(Stored data entries)
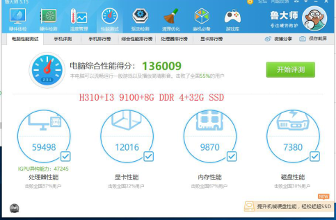 從圖片可以看出,ZC-DN-H310QH主板配酷睿I3-9100處理器搭載8G筆記本內(nèi)存32G固態(tài)硬盤跑分最總結(jié)果為136009高分;
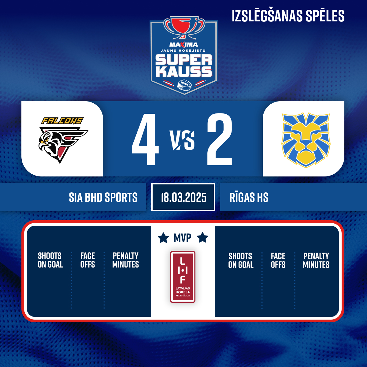 Goal#25 Rendolfs LŪSISAssists: #18 Raiens INNUS, #9 Mārcis RĒDLIHS
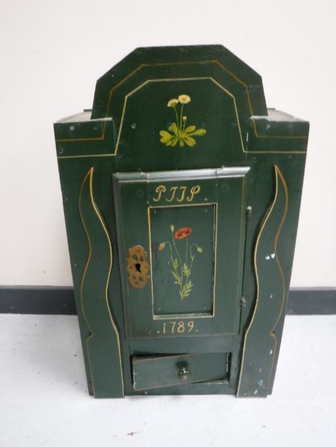 A hand painted antique oak wall cabinet
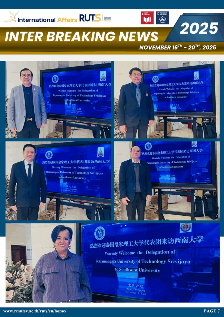 On November 19, the delegation from Rajamangala University of Technology Srivijaya (RUTS), led by Prof. Dr. Suwat Tanyaros, continued its academic visit to China with an official stop at Southwest University (SWU). The visit aimed to build stronger academic relations and explore new collaborative avenues between the two universities.
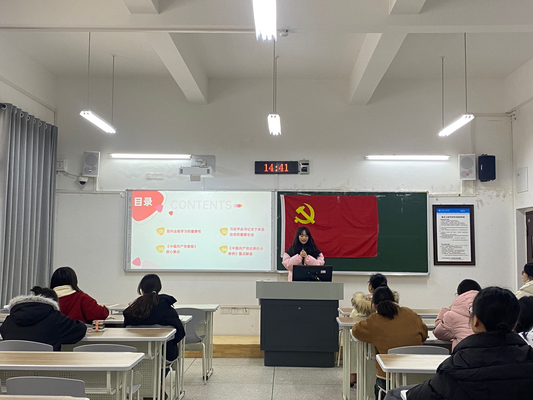 会上,党员代表唐佳佳同志和瞿园园同志进行领学。唐佳佳通过对宪法内容的深刻剖析以及对宪法的发展历程的阐述,强调了作为学生党员在遵纪守法中应该起到尊重宪法的模范作用,带头学习宪法、遵守宪法、运用宪法。瞿园园则首先提到了党内法规的重要性,再举例说明党员的先进事迹及其带给我们的思考。要求大家强化理论学习,提高政治觉悟,强化实践锻炼,转化学习成果。
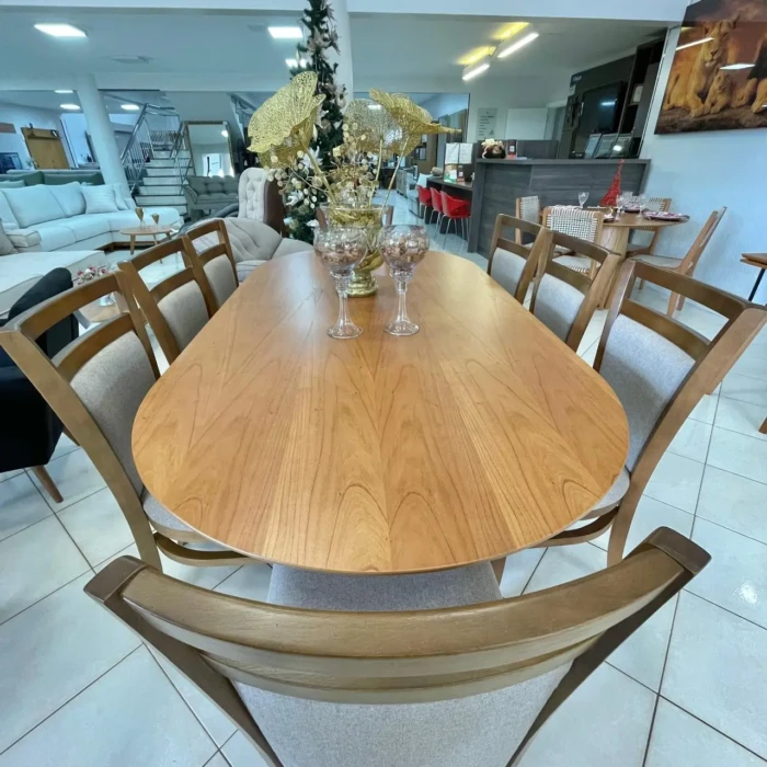 Mesa Oval 2,20m Ripada Cinamomo (2729) com 8 Cadeiras Vitoria Linho (2081)
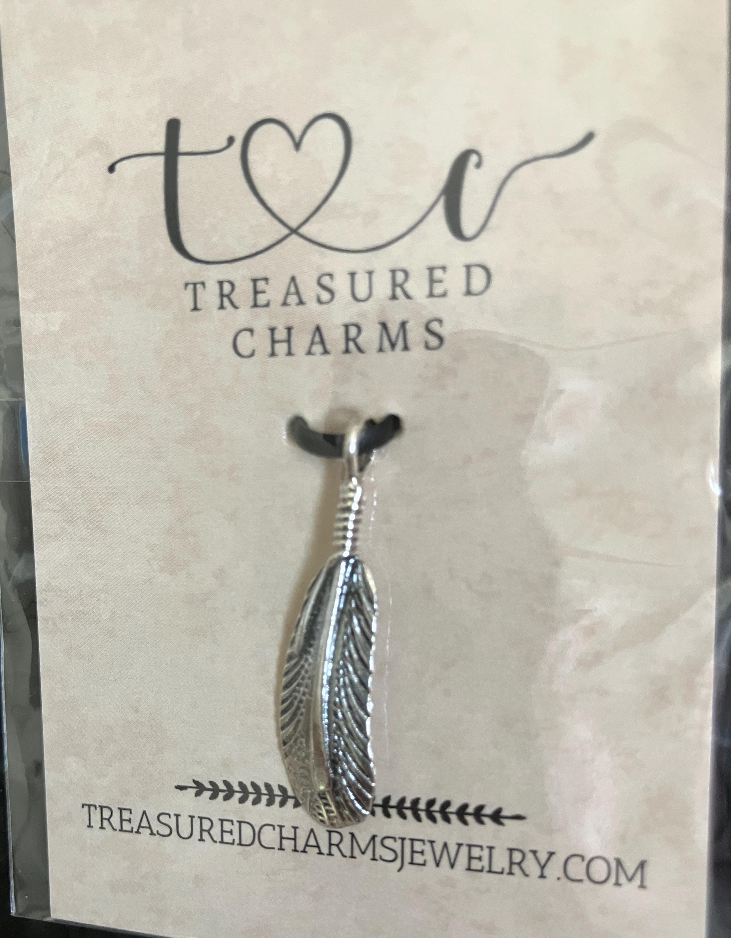 Sterling Silver Feather. Necklace charm on a cable chain or choose chain. Or order a charm with no chain. On time shipping. Great site, Great Seller. Very happy with my purchases.
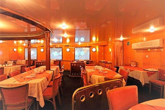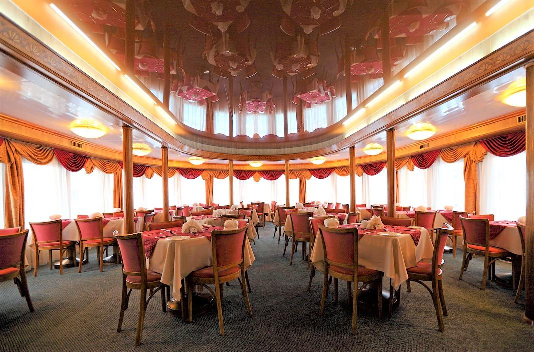Трехразовое питание, включенное в стоимость круиза, проходит в двух судовых ресторанах: малом, расположенном на шлюпочной палубе и основном, расположенном на палубу ниже под ним. Распределение по ресторанам производится в зависимости от категорий кают.
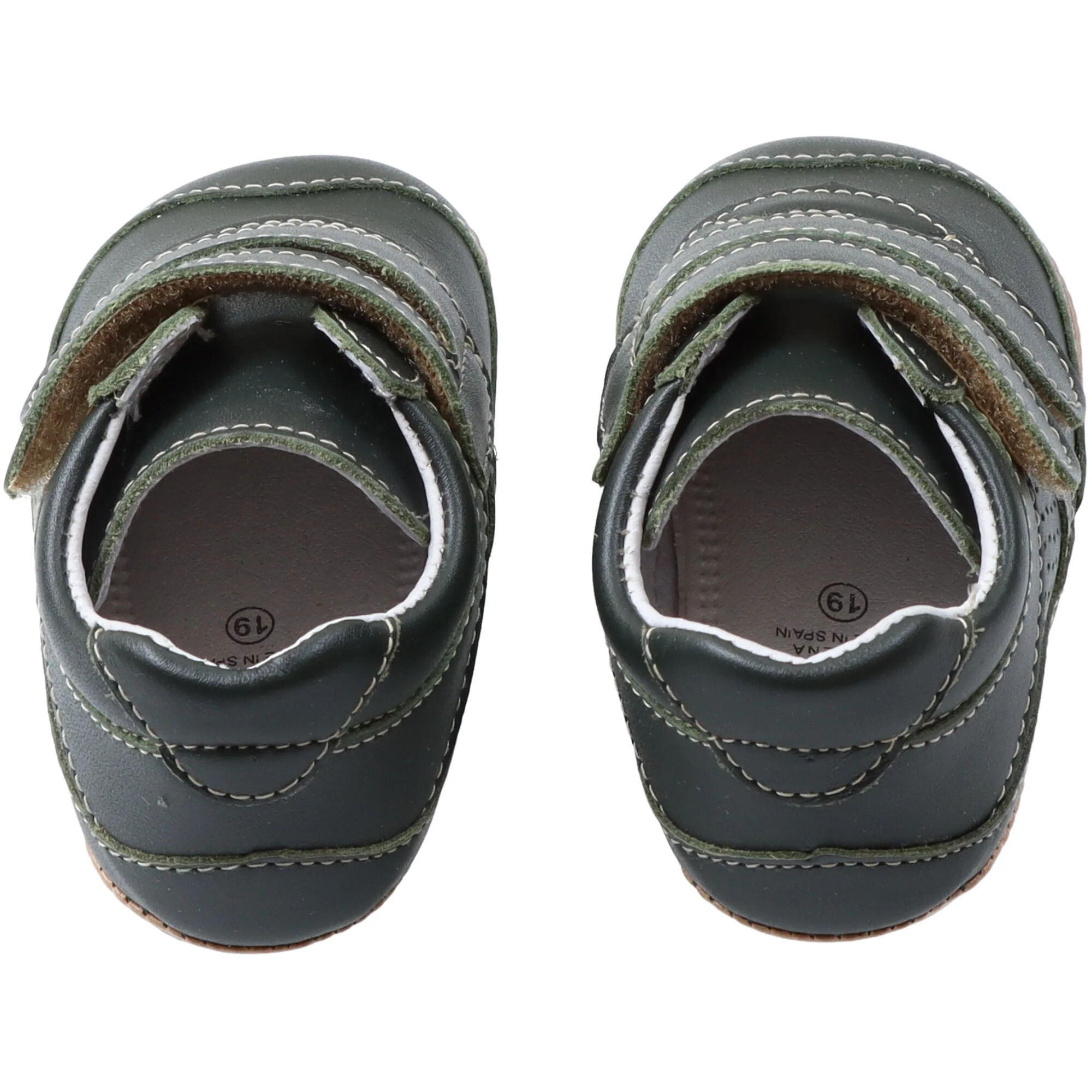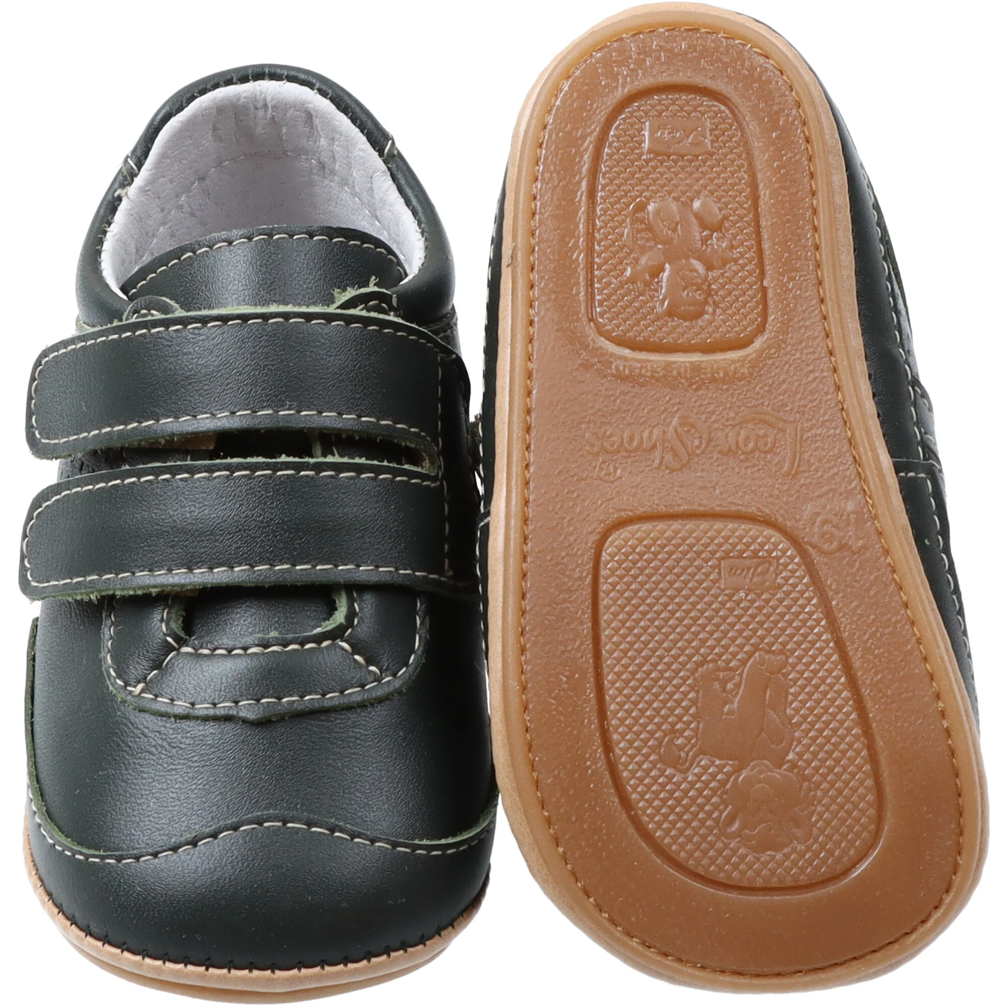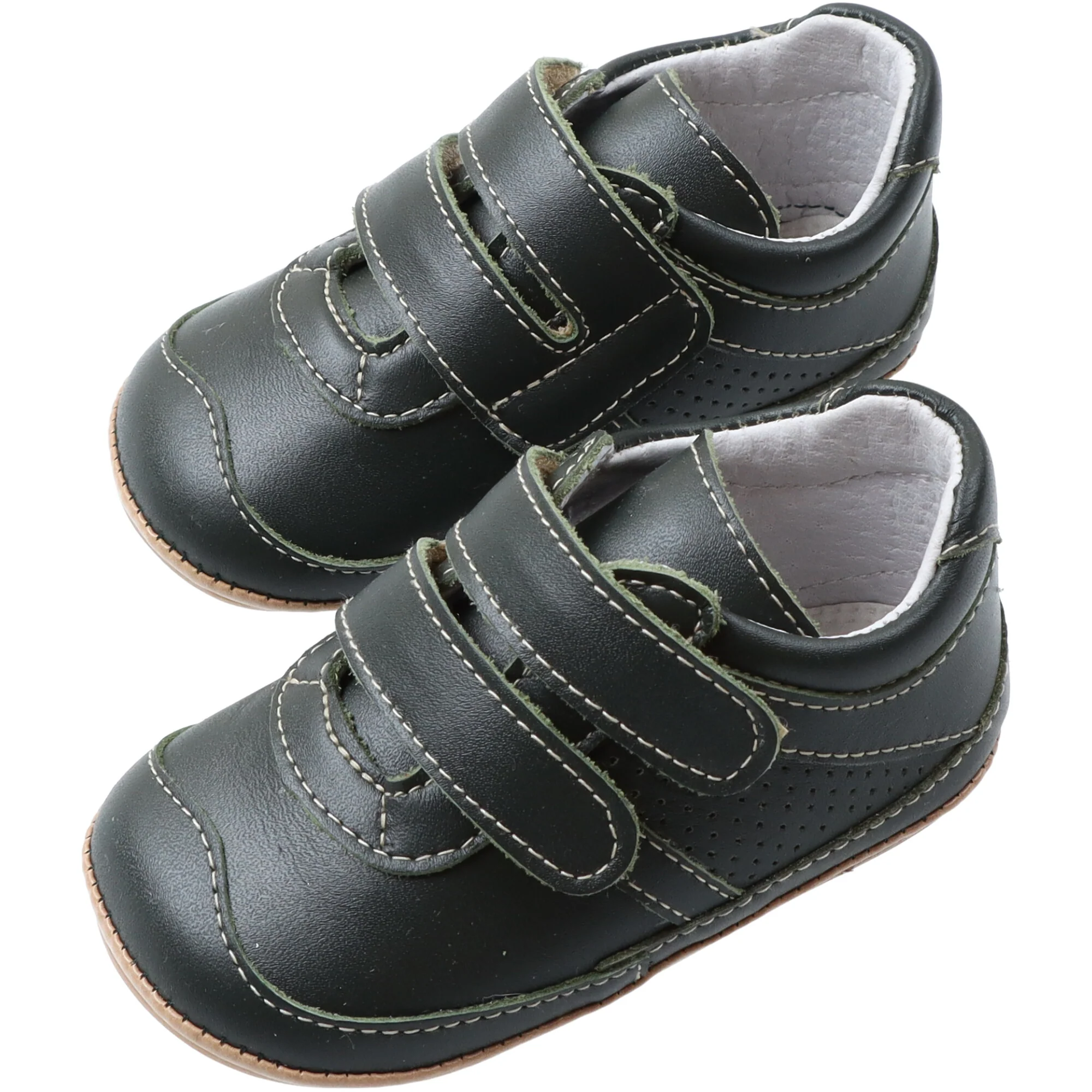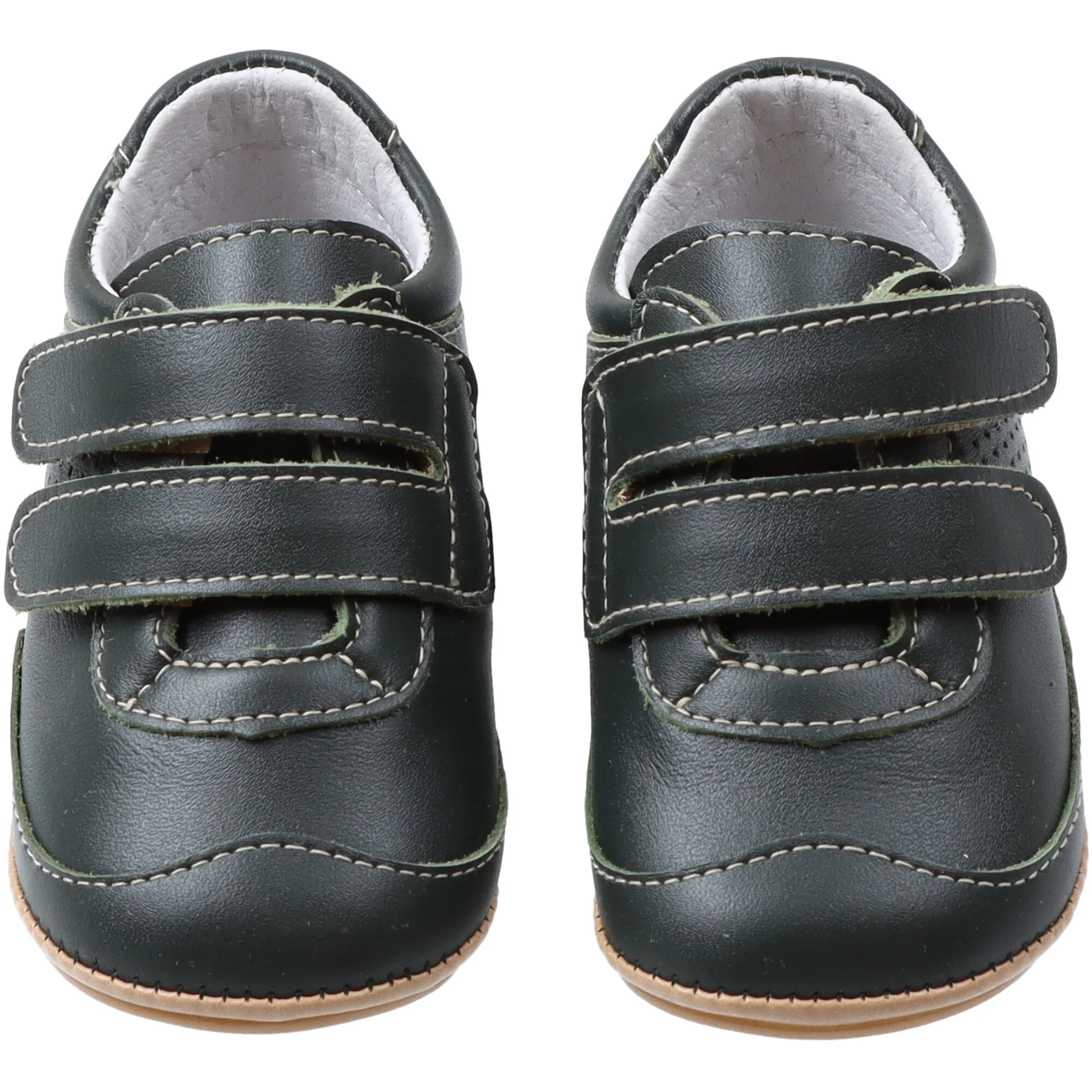 Calzature in pelle con cuciture a contrasto, confortabile e durevole. Rinforzo sul retro della scarpa. Solette antiscivolo. Estremitร arrotondate, Chiusura comodo velcro.

*WHAT TO DO*:
Every line above is to be duplicated exactly; no picture should be carried over.

*TASK OUTPUT*:
 從圖片可以看出,ZC-DN-H310QH主板配酷睿I3-9100處理器搭載8G筆記本內(nèi)存32G固態(tài)硬盤跑分最總結(jié)果為136009高分;
 Goal#25 Rendolfs LŪSISAssists: #18 Raiens INNUS, #9 Mārcis RĒDLIHS
 A hand painted antique oak wall cabinet
 On November 19, the delegation from Rajamangala University of Technology Srivijaya (RUTS), led by Prof. Dr. Suwat Tanyaros, continued its academic visit to China with an official stop at Southwest University (SWU). The visit aimed to build stronger academic relations and explore new collaborative avenues between the two universities.
 会上,党员代表唐佳佳同志和瞿园园同志进行领学。唐佳佳通过对宪法内容的深刻剖析以及对宪法的发展历程的阐述,强调了作为学生党员在遵纪守法中应该起到尊重宪法的模范作用,带头学习宪法、遵守宪法、运用宪法。瞿园园则首先提到了党内法规的重要性,再举例说明党员的先进事迹及其带给我们的思考。要求大家强化理论学习,提高政治觉悟,强化实践锻炼,转化学习成果。
 Mesa Oval 2,20m Ripada Cinamomo (2729) com 8 Cadeiras Vitoria Linho (2081)
 Sterling Silver Feather. Necklace charm on a cable chain or choose chain. Or order a charm with no chain. On time shipping. Great site, Great Seller. Very happy with my purchases.
Трехразовое питание, включенное в стоимость круиза, проходит в двух судовых ресторанах: малом, расположенном на шлюпочной палубе и основном, расположенном на палубу ниже под ним. Распределение по ресторанам производится в зависимости от категорий кают.
 Calzature in pelle con cuciture a contrasto, confortabile e durevole. Rinforzo sul retro della scarpa. Solette antiscivolo. Estremitร arrotondate, Chiusura comodo velcro.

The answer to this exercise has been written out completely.